复合材料格栅结构优化设计中的计算智能技术

针对复合材料格栅结构优化设计多变量、多约束、连续和离散混合变量、高度非线性的难点,提出了用进化神经网络来实现结构设计参数(输入)与结构响应参数(输出)的全局非线性映射关系,以此来代替优化过程中的有限元计算,以提高优化效率.以遗传算法为优化求解器,神经网络屈曲稳定性响应面为主要约束,对复合材料格栅加筋结构进行优化.结果表明,在相同样本数的情况下,进化神经网络可获得比BP网络更高精度的映射模型,具有很强的泛化能力.该方法可以为解决大型复合材料结构优化问题提供一条高效途径.
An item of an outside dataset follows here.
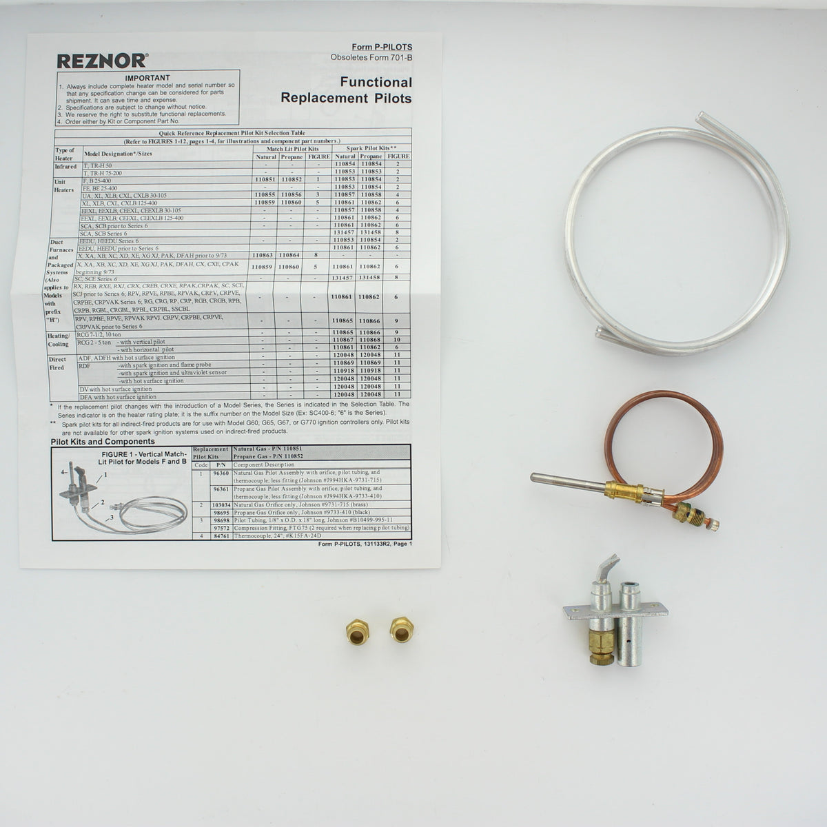 The REZNOR MPK-110856-REZNOR Pilot Assembly Kit is an essential component for maintaining the performance of your gas-powered equipment. This kit includes all the necessary parts to replace or repair the pilot assembly, ensuring the safe and efficient ignition of your equipment.

Computational intelligence technology for optimal design of grid-stiffened composite structure

To overcome the difficulties of optimal design for grid-stiffened composite structures,such as multi-variables,multi-constraints,mixed discretecontinuous design variables,highly nonlinear,etc,the application of computational intelligence(CI),namely evolutionary neural networks(ENN) was considered for realizing the global nonlinear mapping between structural design parameters and structural responses.They were aimed to replace the finite element computation during an actual optimization process so as to raise the efficiency of optimization.By using genetic(algorithm(GA)) as the optimization procedure and the structural buckling constraint as the neural network response surface,the optimal design of grid-stiffened composite panel under axial compressive loads was studied.The results indicate that with very limited FEM sample space,the accuracy of the evolutionary buckling neural network is much higher than that of traditional BP neural network.The resulted ENN-GA algorithm proves that it can offer an efficient approach to the optimization design of large complex composite structures.